European football's governing body, Uefa, insists professional football does not have a drug problem, after a study it commissioned found 1-in-12 top players had suspiciously high levels of testosterone, consistent with the use of anabolic steroids. The tests were conducted among top-level players from international teams and top leagues including the Premier League.
The study – the largest ever conducted into doping in the game – collected 4,195 urine samples from 879 players at the European Championships, Champions League matches, and players in top-tier leagues in England, Spain, Italy and Germany between 2008-2013. Of those tested, 68 players (7.7%) recorded levels which would trigger an investigation under newly-introduced Uefa rules.
None of the players will be investigated because the tests were taken anonymously. However, former Southampton striker and England international Graeme Le Saux, now a Football Regulatory Authority board member, said the results were eye-opening. He told the Sunday Times: "It's a problem that the whole of Europe is going to have to work together to tackle."

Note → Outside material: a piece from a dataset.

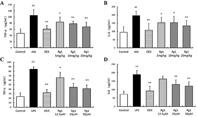 Figure 5: Effects of Rg1 on TNF-α and IL-6 levels in vivo and in vitro. (A–B) Effects of Rg1 on TNF-α and IL-6 levels in AIA rats (n =7 for each group); (C–D) Effects of Rg1 on TNF-α and IL-6 levels in RAW264.7 cells treated with LPS (n = 5 for each group). Data are expressed as mean ± SD. *P < 0.05 and **P < 0.01 versus AIA or LPS; ΔΔP < 0.01 versus control.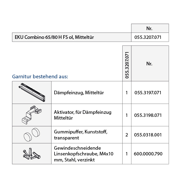 - * Bei Dämpfung in Öffnungs- und Schliessrichtung immer 2 Garnituren bestellen.

After being given the findings by the Sunday Times and the German broadcaster ARD/WDR Professor Julien Baker from the University of the West of Scotland, said the results suggested football has a significant problem. Baker, who has investigated steroid misuse for 20 years, said: "If the findings are accurate then this sheds light on previously untold levels of suspected cheating in Europe's top competitions."
Uefa said other factors, including alcohol, might explain the results. In a statement Uefa said: "This study does not present any scientific evidence of potential doping in football especially due to the presence of confounding factors, the lack of standardisation procedures among the 12 laboratories and the quantification of steroid profiles when the samples were collected."
The statement continued: "Uefa has had a very thorough anti-doping programme for many years with over 2,000 tests a year and only two occurrence of positive tests, both for recreational drugs, which proves that doping in football is extremely rare. Uefa has now implemented a new steroid profiling programme which has come into operation at the start of the 2015/16 season."